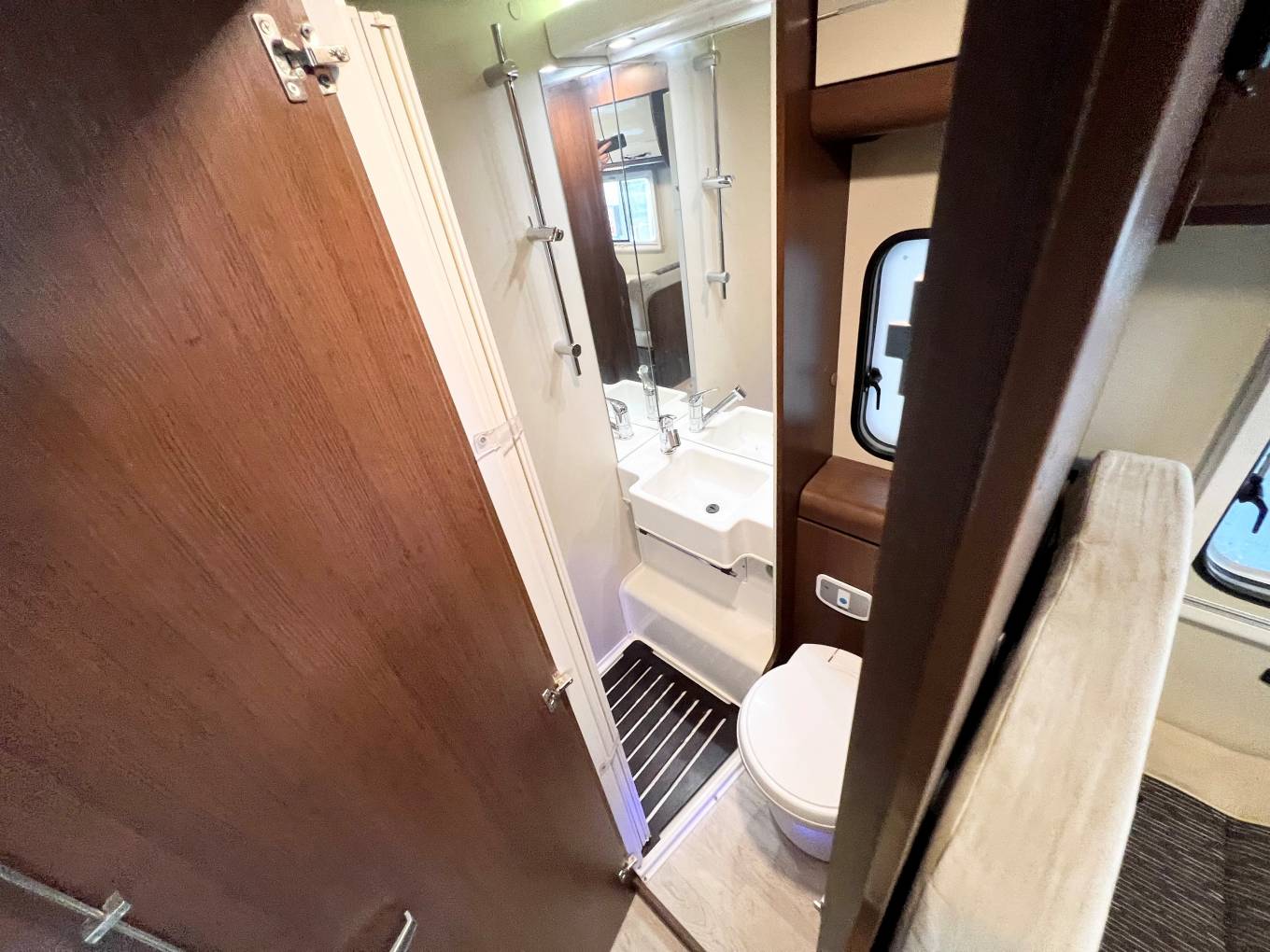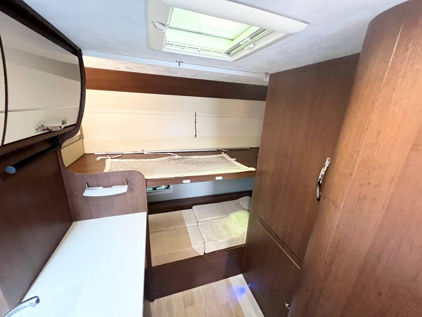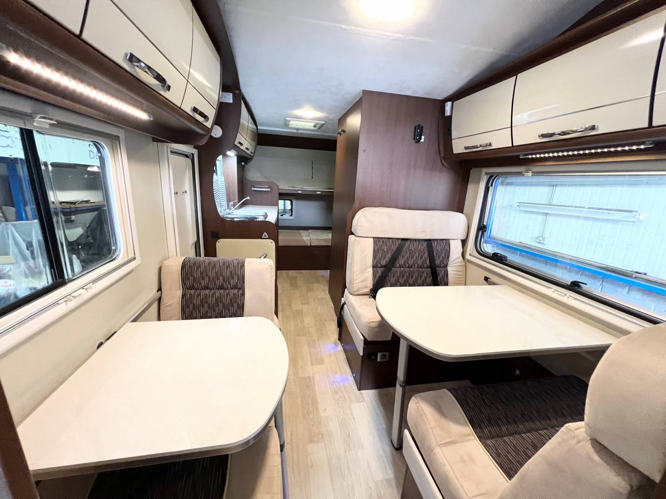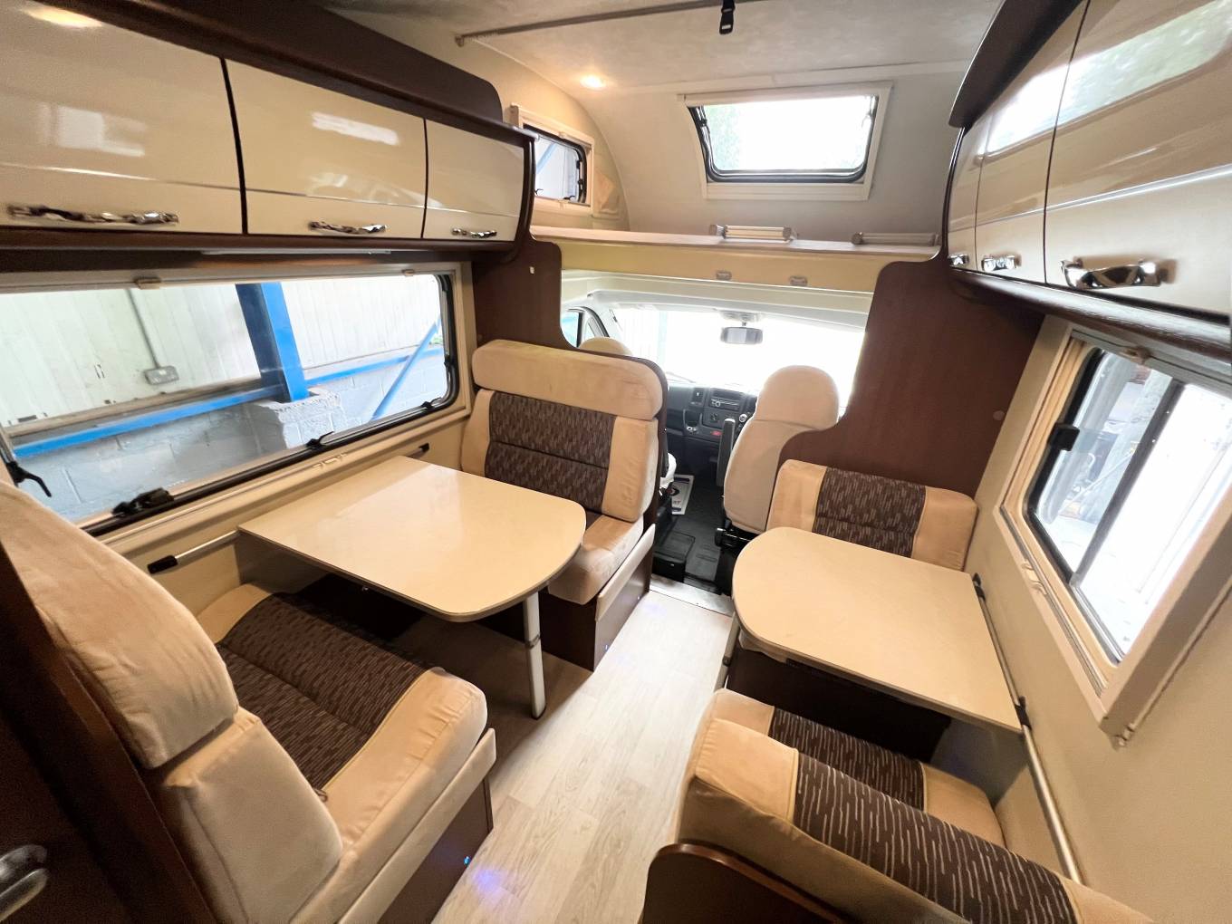 This Motorhome is designed around family life, with a large, spacious front dinette area, At the front of this family friendly motorhome you will be greeted by the impressive lounge/dinette which converts to an easy-to-build double bed at night time, making the first of many sleeping arrangements. This dinette includes a table which is very convenient at meal times for the whole family to sit and enjoy together. This area also includes 4 extra belted travel seats of which two are lap belts, At the rear of the vehicle, located at the bunk beds, A fun versatile sleeping arrangement suitable for both children and adults. The final of the sleeping arrangements can be found directly above the cab. This is also a double bed suitable for both children and adults and can be accessed via a ladder. The washroom really makes the most of what is always going to be limited for space, still equipped with everything you need while away on your camping holidays such as an electric flush cassette toilet, shower and wash basin. Add a little bit of adventure to every journey, this lavish motorhome is a perfect getaway option for a large family.
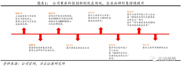 在公司十二年的发展历程中,始终秉承科技创新的优良传统,主攻激光加工技术及相关控制理论科学的研发,其自主研发的项目已先后获得国家技术创新基金项目、上海市创新资金项目、上海市软件和集成电路产业发展专项资金项目、闵行区科研项目与闵行区产学研项目等一系列技术项目的肯定。公司先后荣获“上海市小巨人企业”,上海市“专精特新”企业,“闵行区小巨人培育企业”,“闵行区研发机构”等多项企业荣誉,企业品牌形象持续提升。
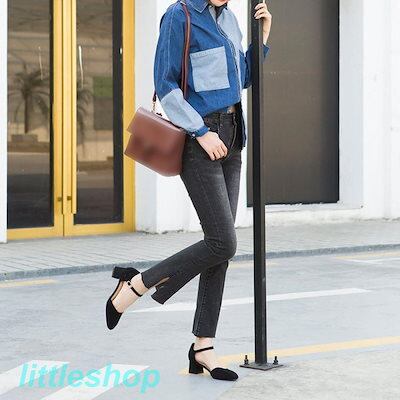 スタイルアップ!ヒールパンプス パンプス ストラップ セパレートパンプス レディース パンプス 太ヒール アンクルストラップ スクエアトゥ パンプス チャンキーヒール ストラップパンプス orange
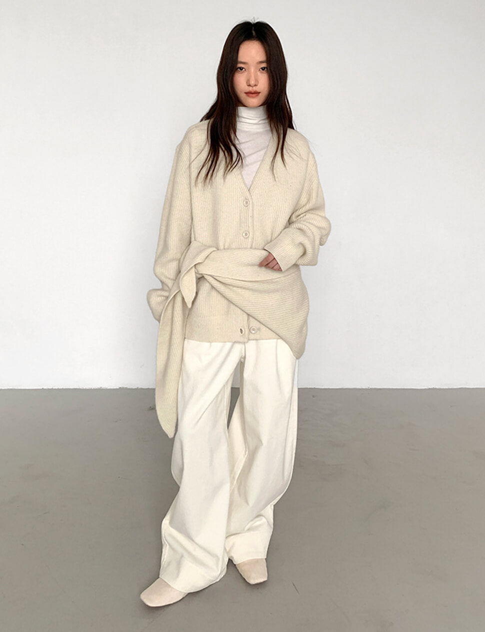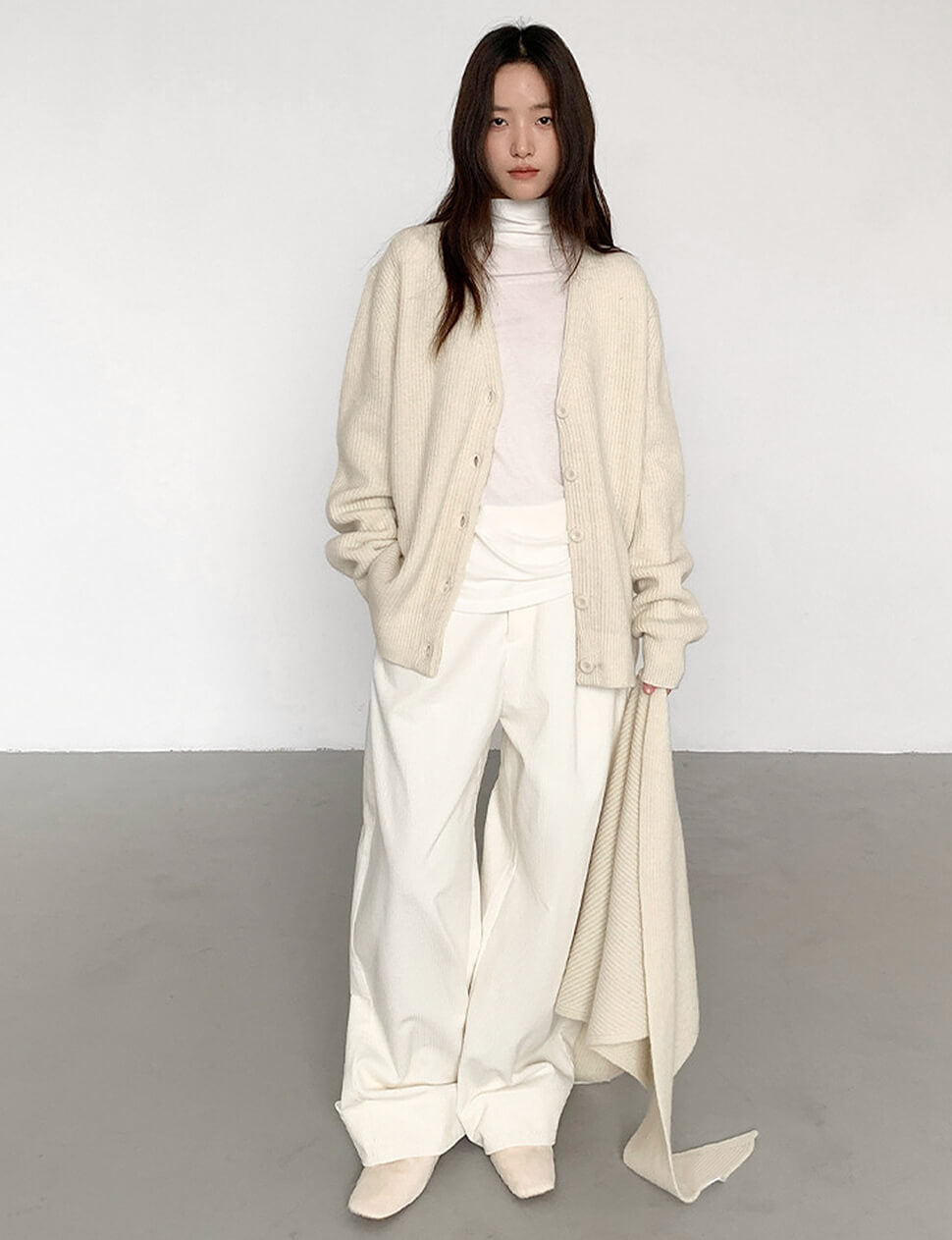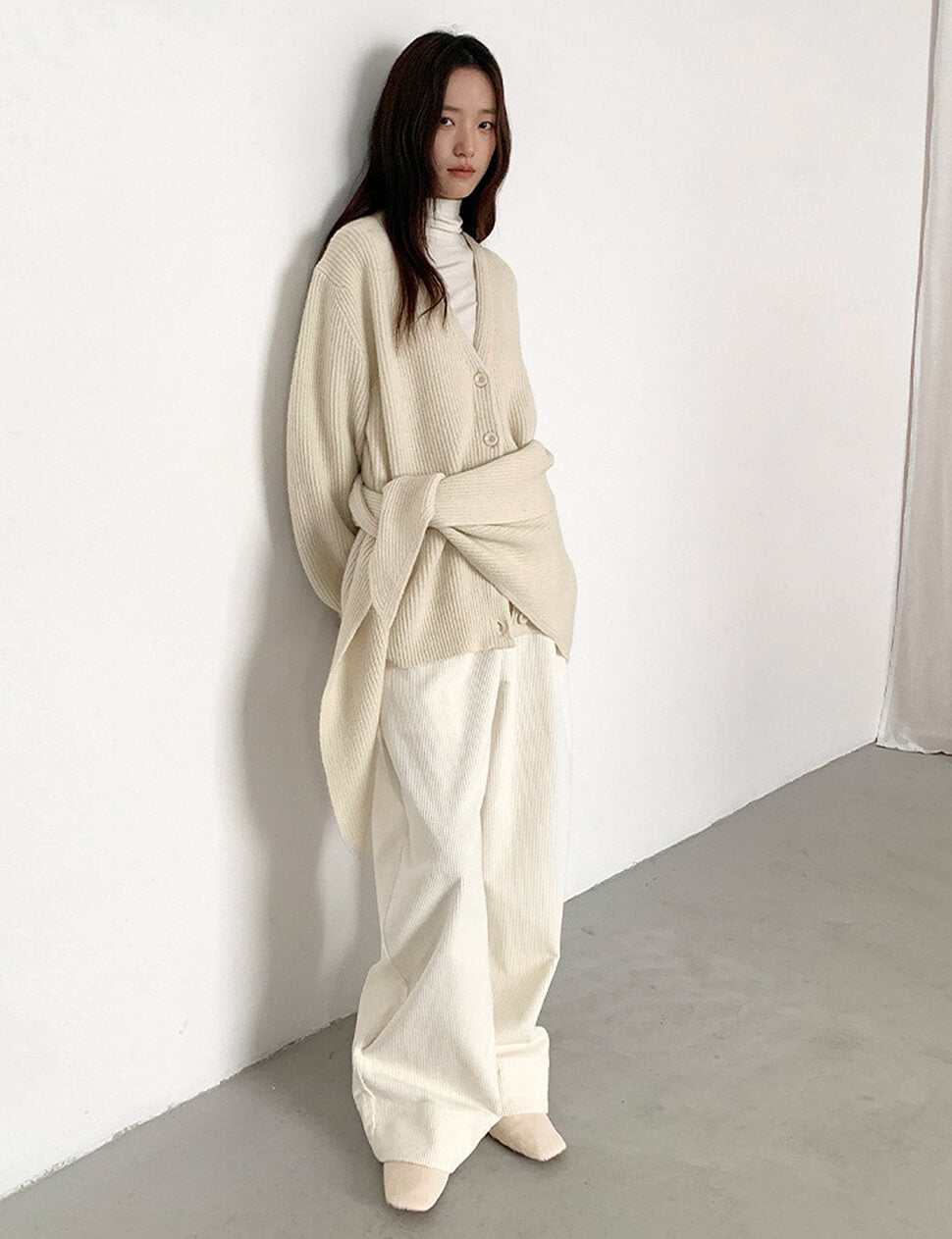 Our pre-order allows us to produce on demand, minimizing waste.Ivory knit cardigan with separate knit matching scarf

===============

What you are asked to do ▸ When you repeat the data, keep it exact and drop every picture.

Task response ▸
 This Motorhome is designed around family life, with a large, spacious front dinette area, At the front of this family friendly motorhome you will be greeted by the impressive lounge/dinette which converts to an easy-to-build double bed at night time, making the first of many sleeping arrangements. This dinette includes a table which is very convenient at meal times for the whole family to sit and enjoy together. This area also includes 4 extra belted travel seats of which two are lap belts, At the rear of the vehicle, located at the bunk beds, A fun versatile sleeping arrangement suitable for both children and adults. The final of the sleeping arrangements can be found directly above the cab. This is also a double bed suitable for both children and adults and can be accessed via a ladder. The washroom really makes the most of what is always going to be limited for space, still equipped with everything you need while away on your camping holidays such as an electric flush cassette toilet, shower and wash basin. Add a little bit of adventure to every journey, this lavish motorhome is a perfect getaway option for a large family.
 在公司十二年的发展历程中,始终秉承科技创新的优良传统,主攻激光加工技术及相关控制理论科学的研发,其自主研发的项目已先后获得国家技术创新基金项目、上海市创新资金项目、上海市软件和集成电路产业发展专项资金项目、闵行区科研项目与闵行区产学研项目等一系列技术项目的肯定。公司先后荣获“上海市小巨人企业”,上海市“专精特新”企业,“闵行区小巨人培育企业”,“闵行区研发机构”等多项企业荣誉,企业品牌形象持续提升。
 スタイルアップ!ヒールパンプス パンプス ストラップ セパレートパンプス レディース パンプス 太ヒール アンクルストラップ スクエアトゥ パンプス チャンキーヒール ストラップパンプス orange
 Our pre-order allows us to produce on demand, minimizing waste.Ivory knit cardigan with separate knit matching scarf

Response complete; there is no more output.